I have so many questions about my two feral sweeties. As I said before I am totally new to cats so please bear with me. My two are a male and a female. She was momma to 5 kittens we found homes for so it's just momma and "friend". Everyone was neutered, kittens included, so now I can concentrate on caring for these two and not worry about more kittens. My question is, I have made comfy beds for them and the male loves it but momma refuses to sleep on them. She lies in the bark next to the beds and I want her to be comfortable too. The beds are in a protected place where they can see but can't be seen so they should like it. Any idea why momma won't use the bed? We are in central Florida so the weather is usually not a problem.


----------



## Greenport ferals (Oct 30, 2010)

Cats will always sleep where they're most comfortable, and this has nothing to do with where I think they will be comfortable...
My cats like to snooze in the mulch too.


----------



## kittywitty (Jun 19, 2010)

My cats sleep on their beds when they feel like it.
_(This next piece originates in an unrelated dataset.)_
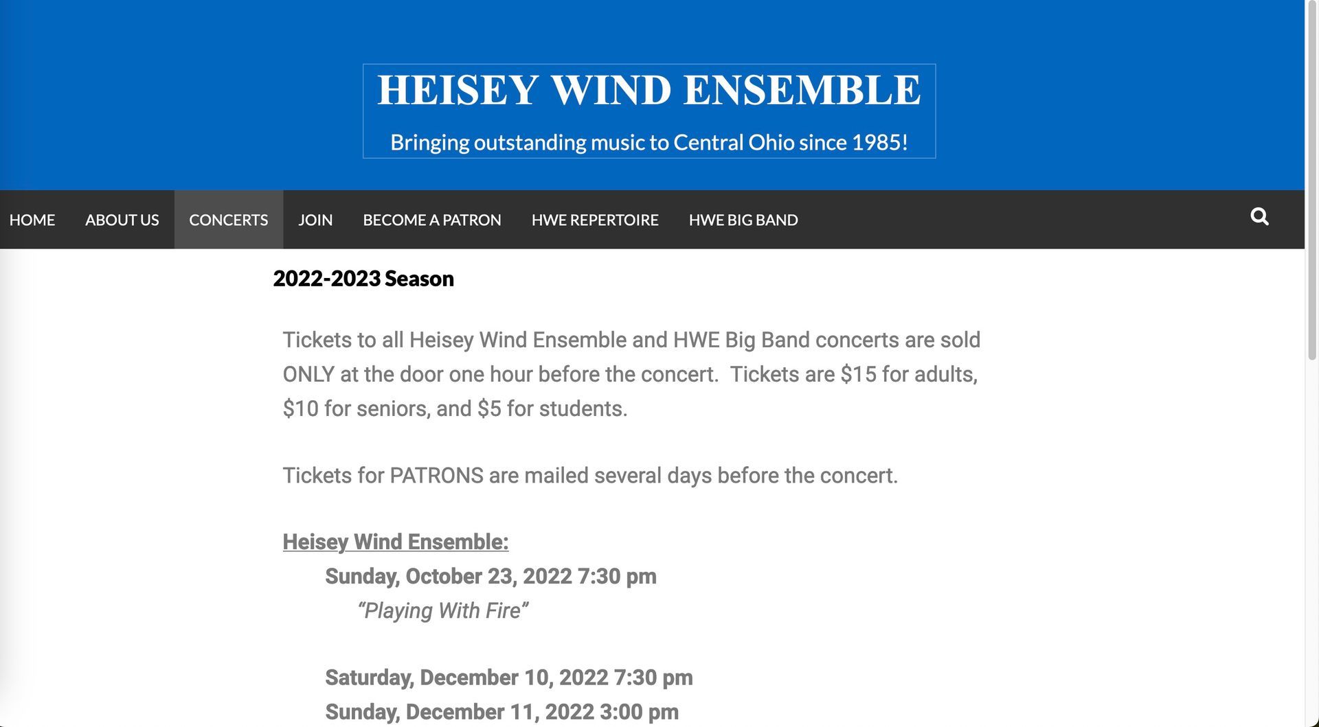 After the website build, all content was reviewed by our team, the Board of Directors, and by test users who were in the primary demographic for the Heisey Wind Ensemble.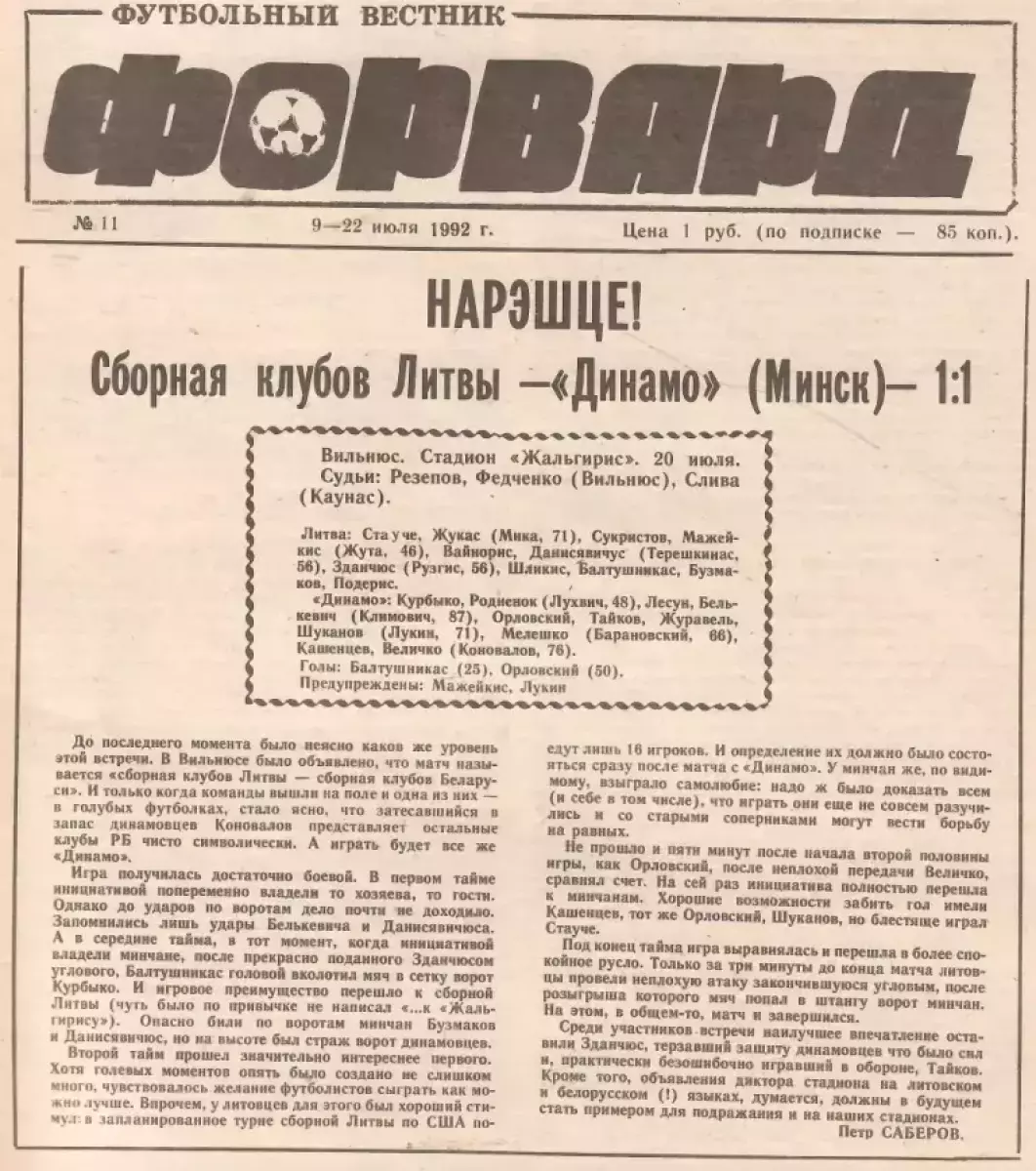 Литва - «Динамо» Минск - 1:1

Otherwise they will sleep any place they please which is usually a warm spot. Try placing the beds in a warm place and see if they gravitate towards that spot.


----------



## mimitabby (Apr 20, 2010)

yes, especially this time of year give her a bed that's kind of hidden and near a heat vent. And she still might go somewhere else. Don't worry about it. I've given up on cat beds for most of my cats, it's just not worth it. the cats ignore them and they gather dust.
instead, you might put bedding down where you KNOW the cat likes to sleep. but then don't be surprised when she changes her preferred spot.


----------



## Vivid Dawn (May 31, 2010)

Paizly likes to sleep on the floor (carpet) next to my treadmill...even though I have 3 other beds for her! She also has access to the couch, but ignores that too.


----------



## Susan (Mar 29, 2010)

Muffs hates to sleep on anything soft. I have a small wicker cat bed with a pillow inside. She will walk all around the edges of the wicker, but refuses to step on the pillow. If I take the pillow out, she jumps in and lies on the hard wicker. I have a soft cat perch on one half of a large windowsill. Muffs sits on the hard wood on the other side of the sill. And so on, and so on, and so on... Go figure!


----------



## zcb (Nov 11, 2010)

I guess I'll have to let them be what they are.....cats. Thanks for the input.


----------